Kami melihat, dan patut mencurigai, adanya upaya pengalihan fokus parlemen dan juga publik, untuk tidak mengaudit penggunaan dana Covid 19 yang mencapai 405,1 Triliun. Secara substansi, apa efektifitas penyaluran dana ratusan triliun terhadap refocusing anggaran kesehatan terutama pengadaan Alat kesehatan Covid 19 (Alkes) yang terdiri dari pengadaan APD terstandarisasi, Alat PCR swab test, alat Rapid Test Antigen - Antibodi (serologi), alat inkubator, sanitizer, insentif paramedis dll.
Kami menerima banyak laporan, adanya penyalahgunaan penggunaan rapid test yang seharusnya telah banyak di kritik oleh ahli epidemiologi maupun dokter patologi penyakit, bahwa rapid test itu tidak bisa digunakan untuk mendekteksi Virus Covid 19, namun tetap saja alat ini di beli dan digunakan di seluruh pelayanan Rumah Sakit dan pusat pelayanan kesehatan lainnya di berbagai Provinsi/Kabupaten/Kota di Indonesia.
Ada apa dengan bisnis rapid test terkait penggunaan dana refocusing APBN yang disetujui oleh DPR? Ini harus segera dituntaskan.. karena tentunya sangat berbahaya, bagi kepentingan Tracing dan konfirmasi kasus Covid yang banyak beredar di masyarakat, justru menimbulkan ketidakpercayaan terhadap penggunaan rapid test, yang hanya menghambur hamburkan uang negara..
Selain itu, bagaimana pertanggung jawaban penggunaan dana jaring pengaman sosial dan insentif perpajakan/stimulus kredit usaha rakyat serta program pemulihan ekonomi nasional yang menggunakan dana refocusing APBN.. bagaimana laporan realisasinya hingga hari ini.. DPR tentunya memiliki banyak pekerjaan rumah yang harus dituntaskan untuk mengawasi pelaksanaan anggaran yang mencapai 405,1 Triliun tersebut, dan menyampaikan hasilnya ke publik dan rakyat Indonesia..

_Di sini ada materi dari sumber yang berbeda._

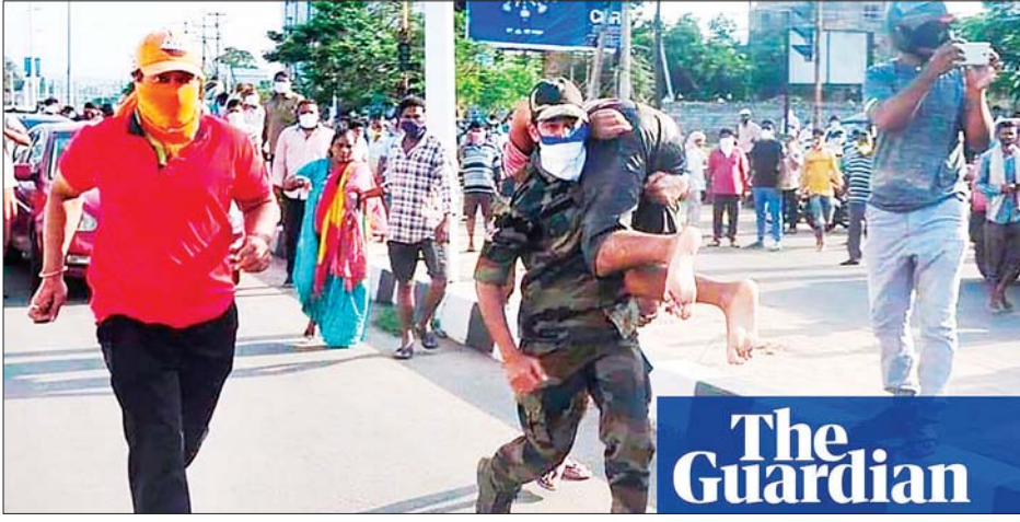
ကယ်ဆယ်ရေးအဖွဲ့ဝင်များက ဓာတ်ငွေ့ယိုစိမ့်မှုကြောင့် ထိခိုက်ခဲ့သူများကို ကယ်ဆယ်ရေးဆောင်ရွက်နေစဉ်။

နယူးဒေလီ မေ ၇ အိန္ဒိယနိုင်ငံ အရှေ့ဘက်ကမ်းခြေရှိ ဓာတ်ငွေ့ယိုစိမ့်မှုကြောင့် လူ ငါးဦး ထက်မနည်းသေဆုံးခဲ့ပြီး လူ ၁၀၀၀ ကျော်ကို ဆေးရုံသို့ပို့ဆောင်ခဲ့ရ ကြောင်း အာဏာပိုင်များက မေ ၇ ရက်တွင် ပြောကြားခဲ့သည်။
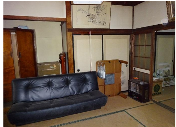
室内写真 和室6畳+4.5畳と洋室8畳有り
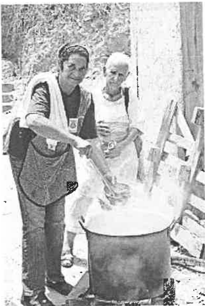
Eine Frau in einer Pfarrei kocht in einer grossen Pfanne für die Bedürftigen, Venezuela

«Kirche in Not (ACN)» ist ein internationales katholisches Hilfswerk päpstlichen Rechts, das 1947 von Pater Werenfried van Straaten (Speckpater) als „Ostpriesterhilfe“ gegründet wurde. Es steht mit Hilfsaktionen, Informationstätigkeit und Gebet für bedrängte und Not leidende Christen in ca. 150 Ländern ein. Seine Projekte sind ausschliesslich privat finanziert. Das Hilfswerk wird von der Schweizer Bischofskonferenz für Spenden empfohlen.

Terlebih lagi, Indonesia saat ini justru mengalami peningkatan dan perluasan wilayah epidemi covid 19, dimana berdasarkan catatan kasus yang teregister jumlah covid 19 per tanggal 10 Oktober 2020 telah mencapai 324.658 kasus, dengan jumlah kematian yang mencapai 11.677 kematian kumulatif karena covid.. Angka ini, tentunya perlu dipertanyakan, sebab DPR telah menyetujui penggunaan anggaran APBN dalam yang jumlah yang besar, dan mengapa kasus Covid ini justru semakin bertambah besar.. Pemerintah, harus bisa menjelaskan secara rinci kepada DPR, mengapa pandemi covid 19 justru semakin meningkat drastis..
Kami fraksi partai demokrat, justru menyayangkan, keputusan Pemerintah bersama Badan Legislasi DPR RI, justru memaksakan pengesahan UU omnibuslaw, yang diyakini akan memicu gelombang protes dari kalangan buruh/mahasiswa dalam skala yang meluas, yang justru membahayakan rakyat dan semakin memperburuk pandemi covid 19 di Indonesia.
Tentunya, kita tidak bisa melarang rakyat, kaum buruh, dan mahasiswa, untuk turun kejalan menyuarakan aspirasi mereka, jika DPR bersama pemerintah sendiri tidak bisa menahan dirinya, untuk tidak terlalu terburu buru mengesahkan RUU yang notabene mengalami penolakan dari kalangan buruh.